Its news of joy for all Myspace fans and users as company user base has surged up to 25 million registered users. Myspace has said that in last one month 1 million new users are added to make it user base more strengthen. Adding further company has also said that since its tie up with its social networking rivals Facebook and Twitter its daily signed up had increased to 40,000 people a day.
“The numbers tell an amazing story of strong momentum and dramatic change for Myspace”. “And the 1 million-plus new user accounts we’ve seen in the last 30 days validates our approach”, as said by Tim Vanderhook, Chief Executive of Myspace.
It’s well known that few months back Myspace was sold to Specific Media and Justin Timberlake for a mere of $35 million by News Corp. who had acquired Myspace for $580 million in 2005. At the time of acquisition, Justin Timberlake promised to up lift the condition of ailing social networking site which apparently being visible now.
Myspace which was once the heartbeat of internet users had slumped down badly from the top spot after the induction of Facebook in social networking market.
To stay competitive and in competition MySpace transformed itself into an online music network site last year.
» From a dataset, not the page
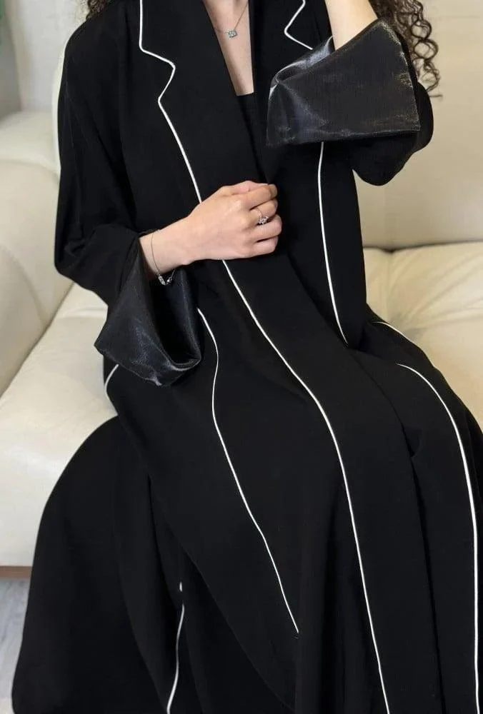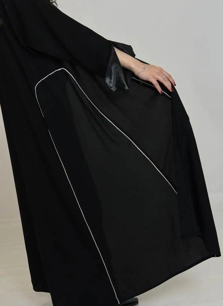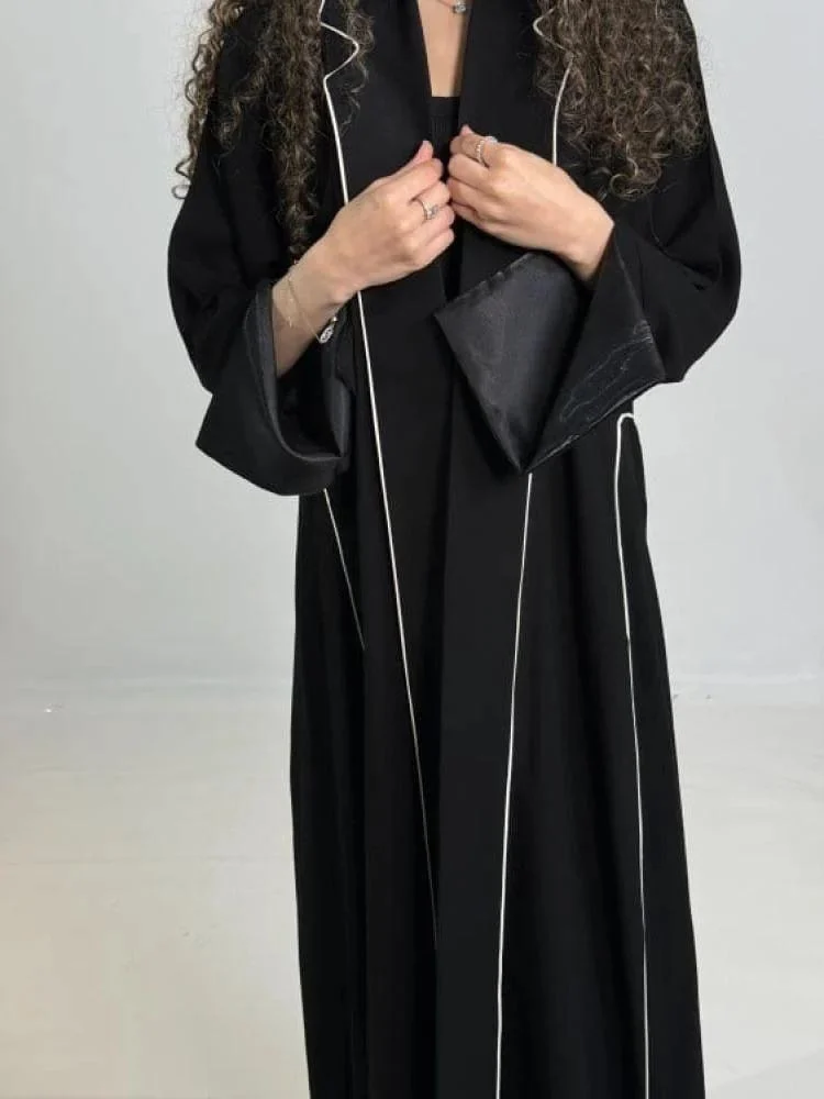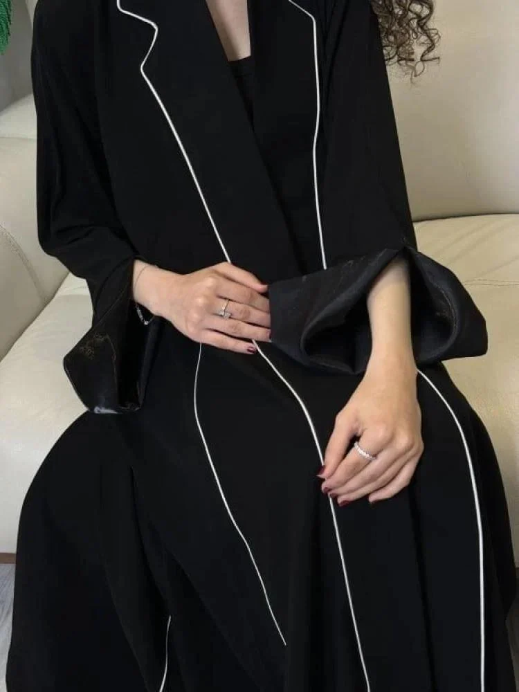 عباية بأزرار مخفية أنيقة بتصميم عصري وعملي تأتي بقصة كلاسيكية وياقة رسمية تضيف لمسة من الرقي والاحترافية مع أزرار مخفية تعزز انسيابية المظهر وتمنح العباية مظهرًا مرتبًا وأنيقًا، الحواف مزينة بخطوط بيج ناعمة تضيف لمسة أنثوية راقية تبرز جمال التصميم وتجعله مثاليًا للمناسبات المختلفة.

Currently, Myspace has the biggest collection of free online music ahead of Spotify and Deezer. It has a music catalogue of 42 million songs in the U.S.which is comparatively higher than Spotify that has music catalogue of 15 million songs.
Interestingly, Myspace, with user base of 25 million, has 19 million unique visitors in a month which is comparatively higher than Google+ – user base of 90 million -that has recorded 18 million unique visitors per month.
One will be surprised to know that after the tie up with Facebook its monthly active users has jumped from 900,000 monthly visitors to 1.6 million.
Eventually, Myspace has also announced that it’s planning to launch Myspace TV by the spring of 2012 to compete with Google TV, Apple iTV and Sony TV in television market.
Myspace returning back from trauma could be a sign of uneasiness for social media giants as it holds the experience and huge database of users who were once actively associated for all their online social activities.